Past studies of tundra carbon releases have focused on summer permafrost thaw and the potential for ancient carbon, sequestered there for millennia, to be released.

But this time researchers looked at active soils instead and took field measurements of carbon emissions from the tundra during winter, something rarely done because of challenges of working in the harsh conditions.

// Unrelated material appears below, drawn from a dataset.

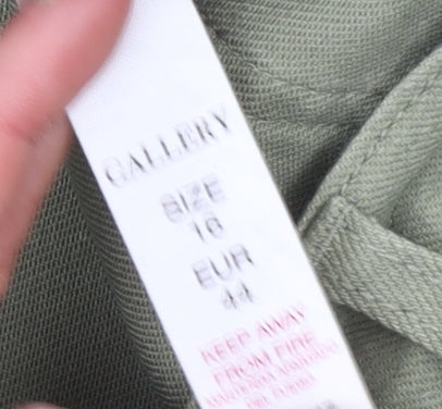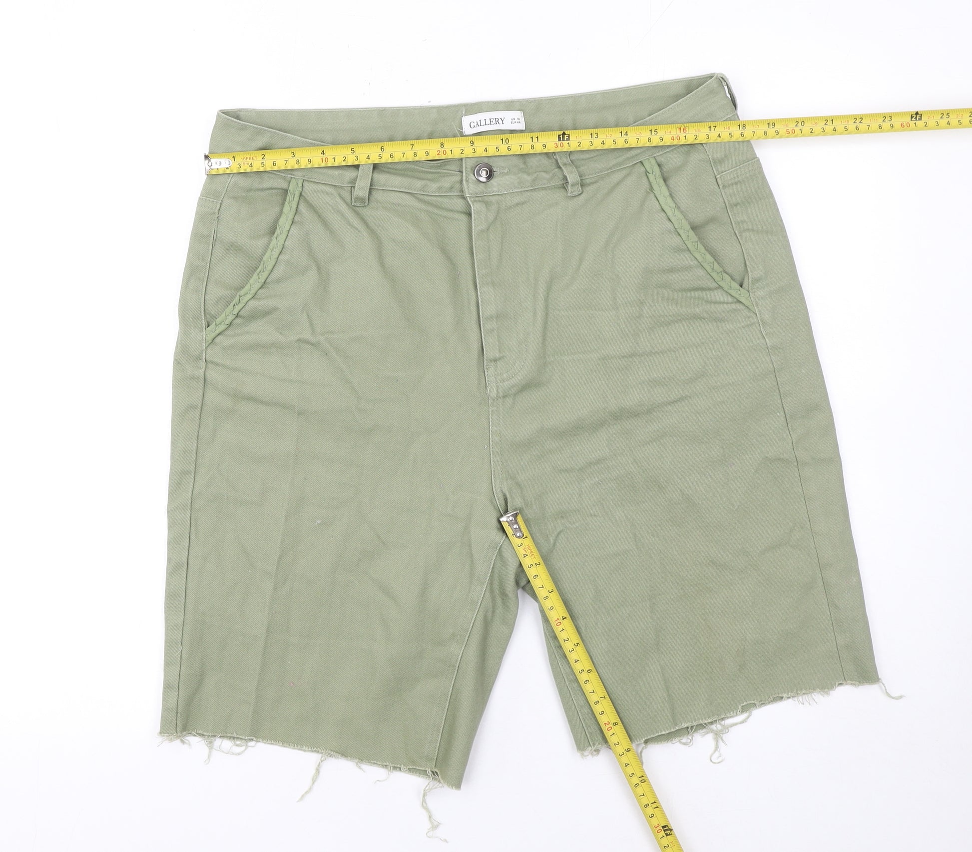 A stylish pair of women’s cut-off shorts from Gallery, these soft green twill shorts offer an effortlessly casual yet refined look. Crafted from 100% cotton, they provide a breathable and lightweight feel that makes them ideal for warm-weather wear. The shorts feature a mid-rise fit with a flat front and a clean silhouette that complements a range of casual outfits. The understated green hue is easy to pair with both neutral and bold colours, giving you flexibility for everyday styling. The design includes practical slash front pockets and back patch pockets that add functionality and structure. Finished with a zip and button fastening, the shorts are durable and neatly tailored around the waistband with belt loops for added versatility. The hem has a trendy frayed, cut-off edge that gives them a relaxed, worn-in feel, perfect for weekend dressing, holidays, or laid-back afternoons. The cotton twill fabric ensures a soft yet sturdy finish that promises long-lasting wear and comfort. These Gallery shorts are designed in a regular fit, flattering the natural shape without clinging too tightly, while providing ease of movement. The green tone makes them a great addition to a spring or summer wardrobe, bringing a subtle pop of colour to any look. Pair them with a crisp white tee and trainers for an easy daytime outfit or dress them up slightly with a tucked-in blouse and sandals for a more polished appearance. In excellent pre-owned condition, showing only light signs of wear and a naturally frayed hem that enhances their casual charm, these shorts are perfectly suited for everyday use. Machine washable for easy care, they offer both practicality and style. Comfortable, versatile, and timeless, these Gallery cotton shorts are a must-have wardrobe piece for any woman looking for effortless chic in warmer weather.

One study, led by Elizabeth Webb of the University of Florida and published in the Journal of Geophysical Research: Biogeosciences, took measurements at the test site for field seasons from 2008 to 2013. The project used snow fences and enhanced piles of snow to better insulate some of the test plots during the winter, thus holding soil temperatures higher than those at untreated control plots. Temperatures of the soil at the plots with more snow insulation were, on average, 1.5 degrees Celsius higher than at the control sites.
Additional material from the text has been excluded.